The CSV file was then cleaned up a bit manually, such as removing commas at the end of the line and changing a few typos and values. After this, I created the SQLite database and added a table, whose schema was as follows:

    institute varchar(256),
    department varchar(256),
    quota varchar(4),
    category varchar(32),
    gender varchar(32),
    OPR integer,
    OPR_prep integer,
    CPR integer,
    CPR_prep integer

This was enough to store the required data. Notice the OPR\_prep and CPR\_prep fields, which are there for Preparatory Course ranklists. The ranks for these ranklists have a 'P' appended to the number. Since we want to store the number as an integer for sorting purposes, the 'P' needs to be abstracted into this boolean-esque field. After the table was created, it was a matter of inserting all the records in the CSV file into the table. The CSV file was used as a sort of 'staging location' for easily editing any errors in the data or tweaking formatting.

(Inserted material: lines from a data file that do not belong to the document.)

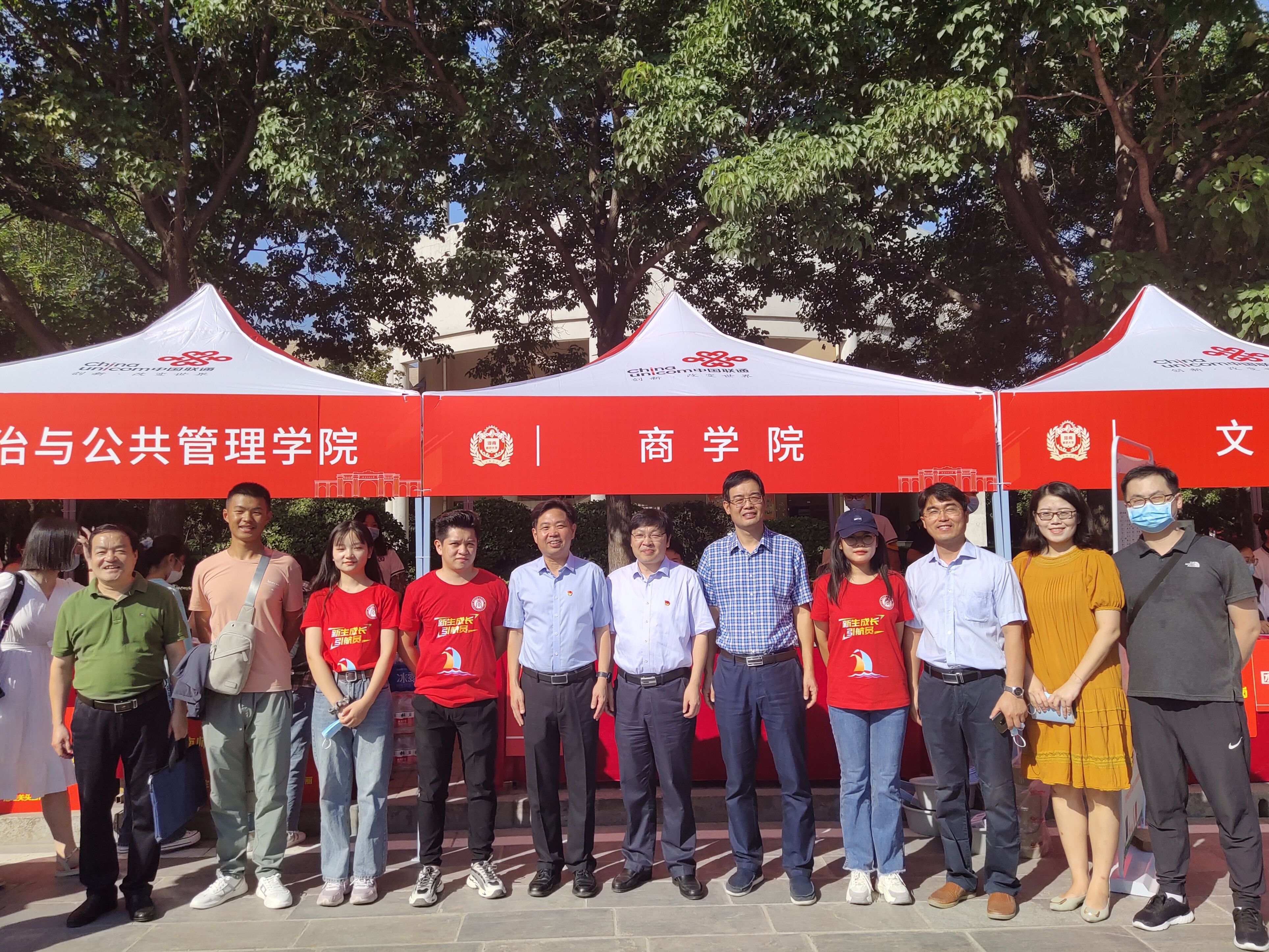 我院迎新工作的顺利开展离不开新生成长引航员的付出。新生成长引航员在开学前便与新生取得联系,明确每位新生的到校时间并上报学院,学院详细地做出迎新时段统计,并于不同时段安排至少80名志愿者等候新生到来,确保在高峰期能够做到精准对接。在新生到达学校时,相应引航员与他们位置共享,时刻关注其位置信息,由调度员安排相应人数的志愿者与其对接工作,第一时间带领志愿者前往迎接新生,努力落实“一分钟对接”原则。新生报到的过程中,引航员们认真核对家长与学生的健康码,带领新生完成报到并进行住宿登记、行李搬运,随后耐心向新生介绍防诈骗、用电安全等注意事项。面对贫困学子,商学院为其准备了暖壶、香皂、衣架等生活用品组成的“爱心大礼包”,使得同学们感受到商学院的温暖氛围。上午10时,校领导莅临我院迎新摊位视察工作,详细询问了我院迎新工作的开展情况。校领导在了解到我院“致学弟学妹的一封信”、“‘商’书心意,翰墨人生”、“一分钟对接”等特色活动后,对我院的迎新工作提出了表扬,并与我院新生成长引航员拍照留念。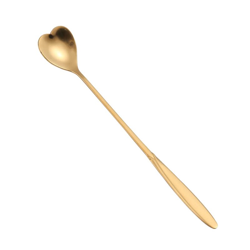 16 Pieces Heart Shaped Spoon Coffee Teaspoon 7 Inch Set Stainless Steel Long Handle Spoon Stir Bar Spoon Stirring Spoon Ice Cream Spoon Gold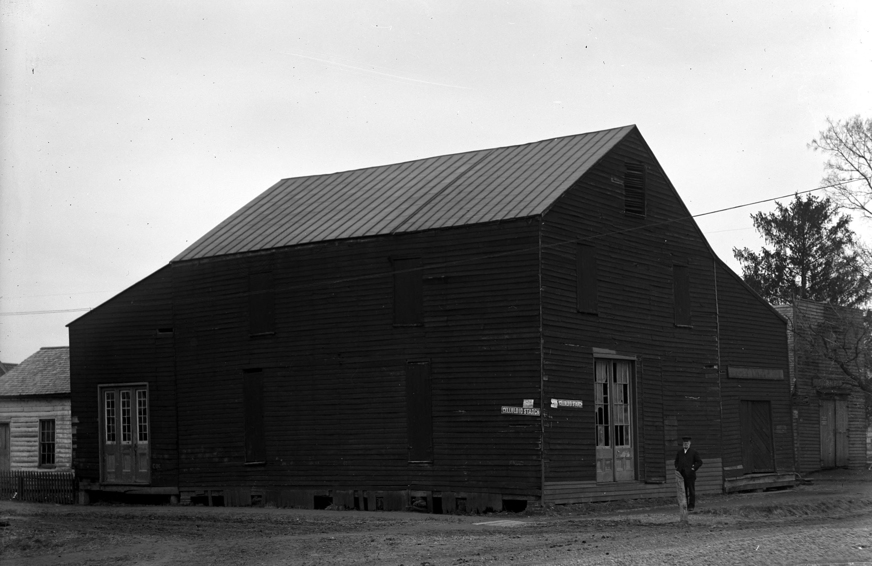 A Harmonist granary and warehouse at the southeast corner of Main St. and South St., with a man standing in front. This is not the same as the Rapp-Owen Granary, The Granary, in MSS 247-4071.

Once the data creation methodology and tools were done, I moved on to developing the flask backend. There's nothing spectacular here, it was just querying the database based on the JSON data it received from the frontend and returning the results as a JSON encoded string. This part was probably the simplest, because the rest was pretty tricky.

Frontend Development

I'm finally able to understand why Javascript developers use such humongous frontend development frameworks like Angular and React: Frontend development without those is a huge pain in the ass

Commitstrip comic

This is a close second for the most disliked part of this entire development cycle: writing HTML and CSS gets extremely repetitive. Since I was not using any framework, all the CSS (including the little dropdown transitions for advanced options) were written by hand. The JavaScript backend was slightly better, but JS does indeed feel like a hacky kludge of a language rather than something you can write an entire frontend app with (like google sheets), or maybe that's because I'm an amateur at the language.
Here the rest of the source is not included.